Feasibility Study (1997)
(the new Outer Limits, S3, Ep. 17)
*
*
Remade from the original 1964 Outer Limits episode entitled, A Feasibility Study, this story starts off with your typical upper-class rebellious girl wanting to run away with a leather-jacketed motorcycle boy from ‘across the tracks’ that daddy doesn’t approve of. But this is the Outer Limits, so something very wrong and very sinister is about to go wrong quickly.
And wrong is goes when an intergalactic race of aliens (called the Triunes) snatch a huge chunk of this privately-gated community neighborhood and forest and teleport them to their planet where, it seems, they did the same thing to other species as well. Apparently, they want to see which other alien race can best survive in their atmosphere. But why? A weird shimmering barrier encompasses the neighborhood, so there’s no escape… except if you’re sucked onto a Triune probing platform, and believe me, you do NOT want that to happen!

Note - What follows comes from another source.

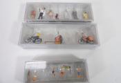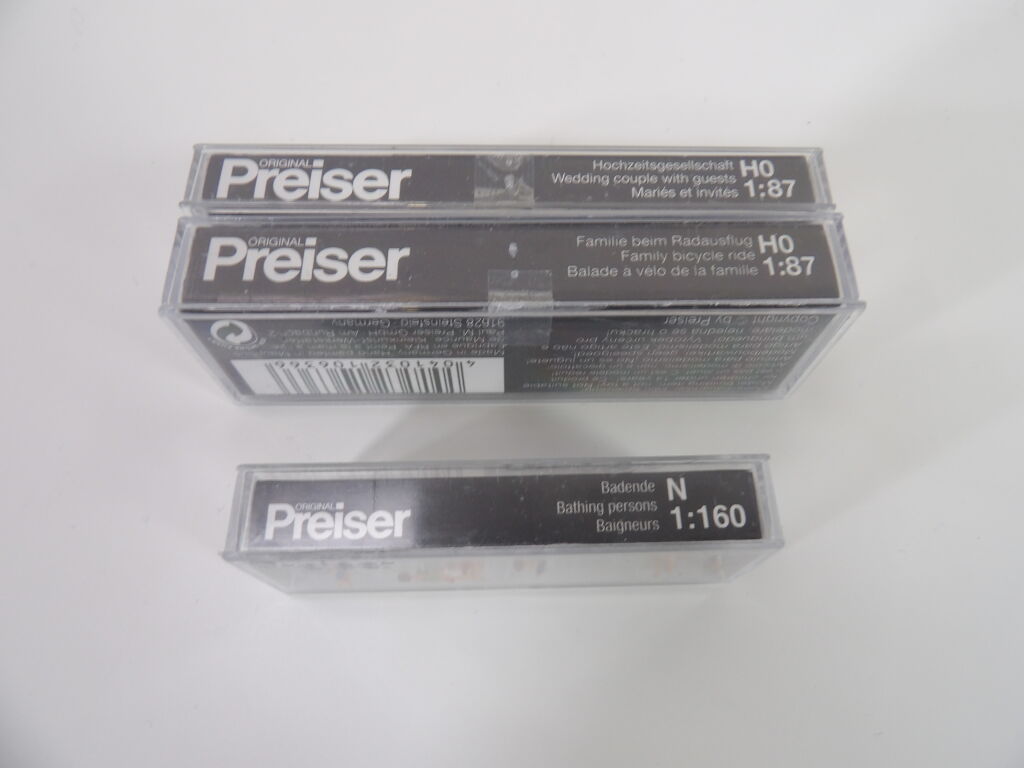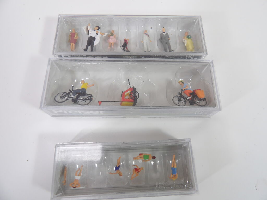 Modèles réduits ferroviaires / diorama : 3 ensembles de personnages de la marque Preiser : le mariage (n°10790) et les cyclistes (n°10636) à l'échelle HO et les baigneurs (n°79071) à l'échelle N

The rebellious young girl, Sarah Hayward (Laura Harris), decides to run away from her disapproving father, Joshua (David McCallum), but runs into Adrielo (Zachary Ansley), a disfigured teenage alien from another planet who escaped through a gap in the barrier. He and his people were also hijacked by the Triunes, but contracted a disease that slowly turned them into stone, rendering their species incompatible. But just as Joshua learns the Triunes plan on enslaving the entire human race (if they survive this brief study period), Sarah accidentally contracts the same “stone” disease from Adrielo!
Making the ultimate sacrifice, the entire neighborhood agrees to contract the disease, showing the Triunes that Earth is ‘infeasible’ for slavery. I’ll be honest, although the original black & white 1964 episode was far more creepier and atmospheric, this one was easier (free) to find online to watch. If you want to see the original, you’ll have to buy the original Outer Limits DVD box set, or rent it on Hulu. Just like The Twilight Zone, the original shows were far superior in script quality, direction, and acting those hackneyed attempts at resurrecting them back in 1997.
McCallum, who starred in two original Outer Limits episodes, is the only decent actor in this remake, a real a shame since there are only a handful of these 1995-2002 shows that showed any promise, much like that lousy Twilight Zone reboot of 1985, which had only one or two good episodes. The acting here is generally poor, it’s shot on video, so the production quality looks cheap and high-schoolish, and let’s not get into how bad the scripts is. Suffice to say, this remake wasn’t good at all, as are most remakes. Stick to the original, people, you can’t go wrong with the original.